___ Data supplied ___
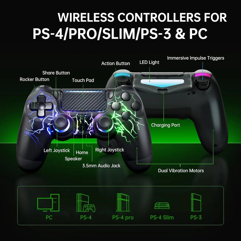 RGB Wireless Controller – Hall-Effekt-Joystick, Dual-Vibration & 6-Achsen-Sensor für PS4, PS4 Pro, PS4 Slim und PC
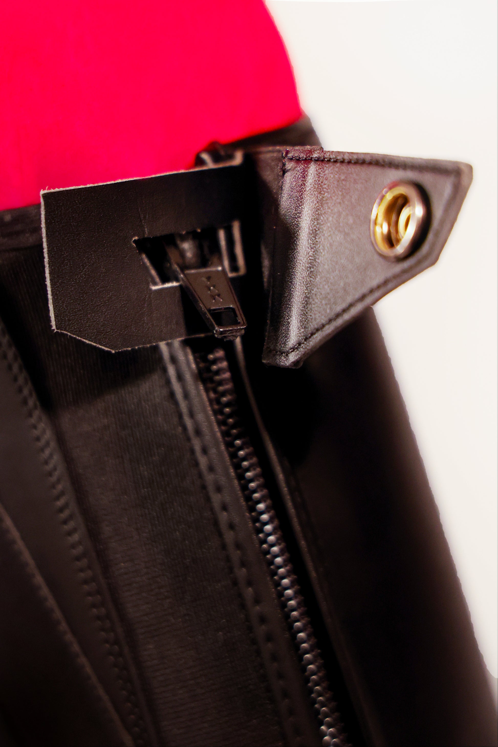 Padded heel protection at the back that shields, facilitates foot entry, and prevents socks from snagging in the zipper.Adjustable spur rest.
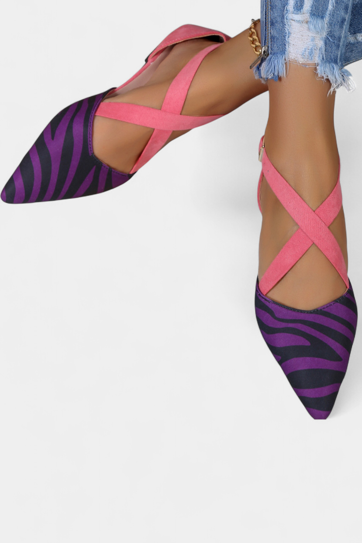 The Fenna ballerinas are designed to effortlessly stand out. With a bold zebra print, fuchsia details, and crossed straps that flatter the foot, they are the perfect blend of eye-catching style and everyday comfort. A fresh and versatile option that transforms any outfit.
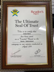 इंडियन बैंक को ‘ट्रस्टेड ब्रांड्स 2019 ’ के तहत रीडर्स डाइजेस्ट द्वारा भारत में सबसे भरोसेमंद ब्रांडों में से एक चुना गया है।
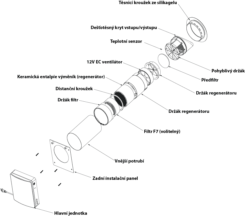 Ventilátor WALLER s rekuperací tepla pro jednu místnost je moderní zařízení pro obytné i komerční prostory, kde nejsou vhodné běžné systémy rekuperace tepla. Kombinuje funkce přívodu a odvodu vzduchu a zajišťuje tak efektivní výměnu vzduchu s rekuperací tepla a vlhkosti.
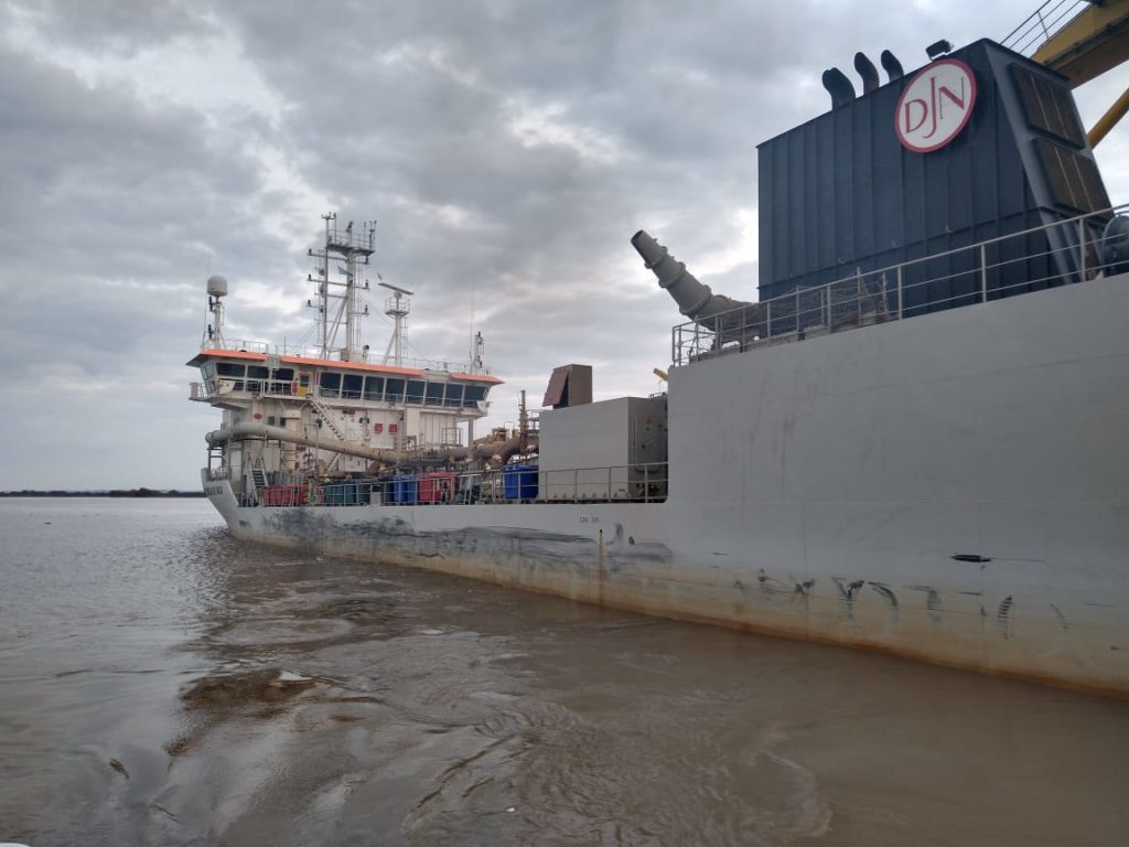 El Consorcio de Gestión del Puerto de San Pedro informa que se encuentra trabajando la draga Alvar Nuñez Cabeza de Vaca que extraererá aproximadamente 100 mil metros cúbicos para concluir su labor dejando todo el vaso portuario con una determinante de 9 mts al 0 local. Esta tarea que demandará al menos hasta el fin de semana garantizará la operatoria de buques cargados a pleno con calados superiores a los 10 mts. Además finalizó su tarea la draga ARPA 1 que realizó el corte definitivo del talud del muelle cabecera. Estas obras en conjunto representan las acciones con las que se pretende mantener y mejorar las condiciones de nuestro puerto para poder estar en condiciones óptimas de respuesta a quienes continúan trabajando desde aquí y a quienes pudieren hacerlo en el futuro.
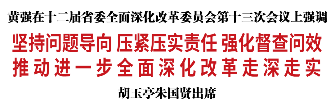 6月26日,省委書(shū)記、省委全面深化改革委員會(huì)主任黃強(qiáng)主持召開(kāi)十二屆省委全面深化改革委員會(huì)第十三次會(huì)議,利用一整天時(shí)間聽(tīng)取我省改革任務(wù)推進(jìn)落實(shí)情況。他強(qiáng)調(diào),要深入貫徹黨的二十屆三中全會(huì)精神,扎實(shí)推進(jìn)省委十二屆五次全會(huì)各項(xiàng)改革任務(wù)落實(shí),堅(jiān)持問(wèn)題導(dǎo)向,壓緊壓實(shí)責(zé)任,強(qiáng)化督查問(wèn)效,推動(dòng)進(jìn)一步全面深化改革走深走實(shí)。省長(zhǎng)、省委全面深化改革委員會(huì)副主任胡玉亭出席會(huì)議并提出工作要求。省政協(xié)黨組書(shū)記、主席朱國(guó)賢出席。
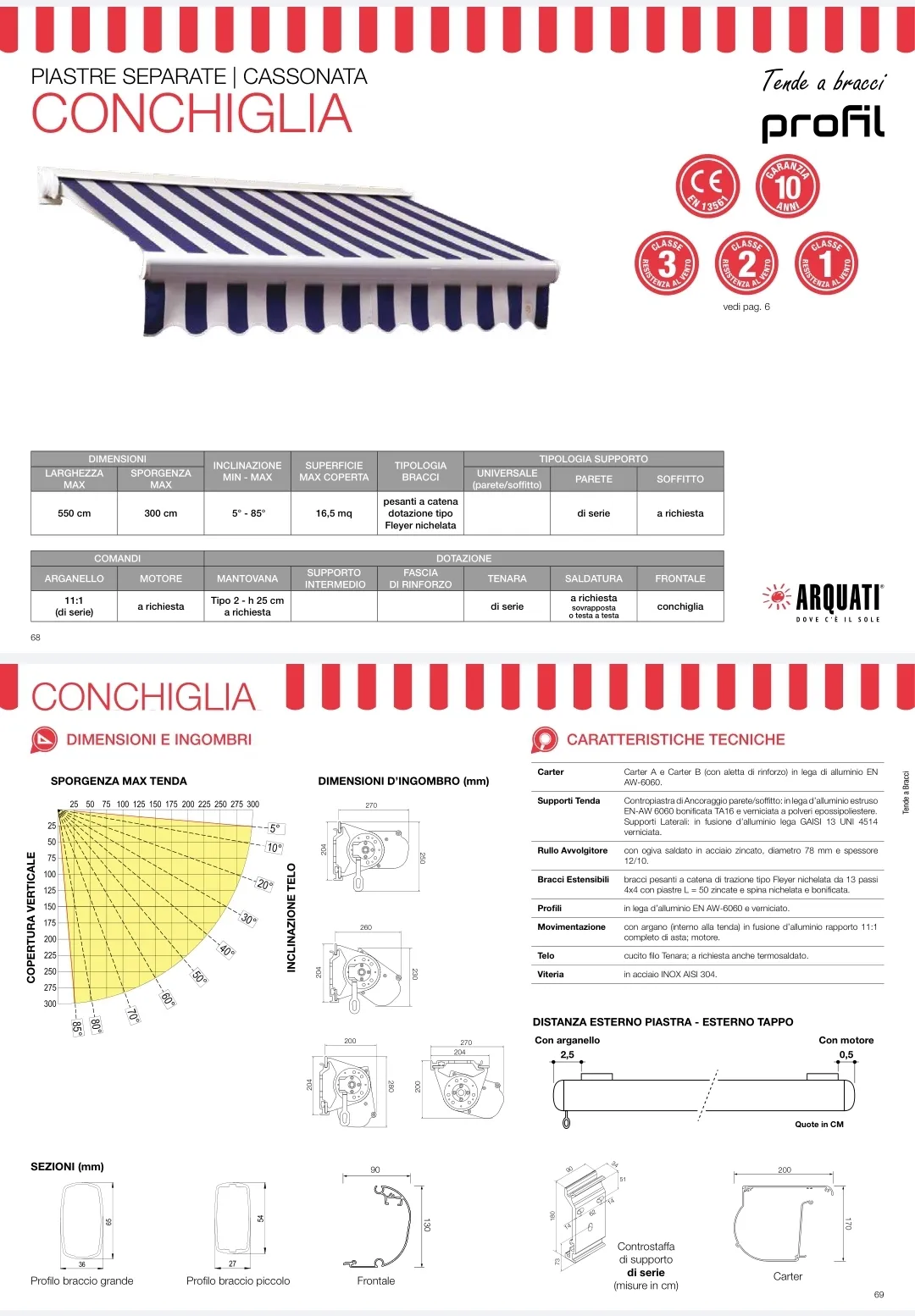 La tenda da sole Arquati Conchiglia XL è una soluzione di alta qualità per la protezione solare, caratterizzata da un design elegante con cassonetto che permette una scomparsa totale del tessuto. Costruita con materiali resistenti come l'alluminio per piastra di chiusura e fissaggio a muro, e bracci pesanti in acciaio inox per il modello XL (con opzione Light disponibile), garantisce durabilità e affidabilità. Dotata di un argano in fusione di alluminio per una facile manovrabilità, può estendersi fino a 590 cm di larghezza e 300 cm di sporgenza, offrendo ampia copertura. La Conchiglia XL è ideale per chi cerca una tenda da sole robusta, elegante e funzionale.
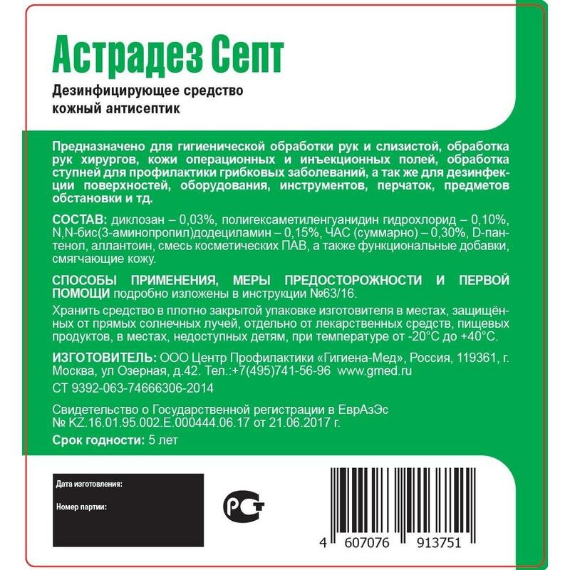 Отзывы на Антисептик кожный дезинфицирующий бесспиртовой 5 л астрадез-септ, готовый раствор, крышка
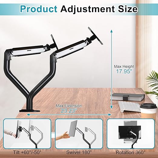 - Flexible Adjustability: This dual-screen stand features a gas spring adjustment system that supports tilt, swivel, and rotation. Users can easily adjust both monitors to the ideal angle for collaborative work, video playback, or content creation
___
## Task details
Using the records above, print exactly the lines between the ones containing "इंडियन बैंक को" and "Ventilátor WALLER s", inclusive, and nothing else; no pictures.

## The answer
 इंडियन बैंक को ‘ट्रस्टेड ब्रांड्स 2019 ’ के तहत रीडर्स डाइजेस्ट द्वारा भारत में सबसे भरोसेमंद ब्रांडों में से एक चुना गया है।
 Ventilátor WALLER s rekuperací tepla pro jednu místnost je moderní zařízení pro obytné i komerční prostory, kde nejsou vhodné běžné systémy rekuperace tepla. Kombinuje funkce přívodu a odvodu vzduchu a zajišťuje tak efektivní výměnu vzduchu s rekuperací tepla a vlhkosti.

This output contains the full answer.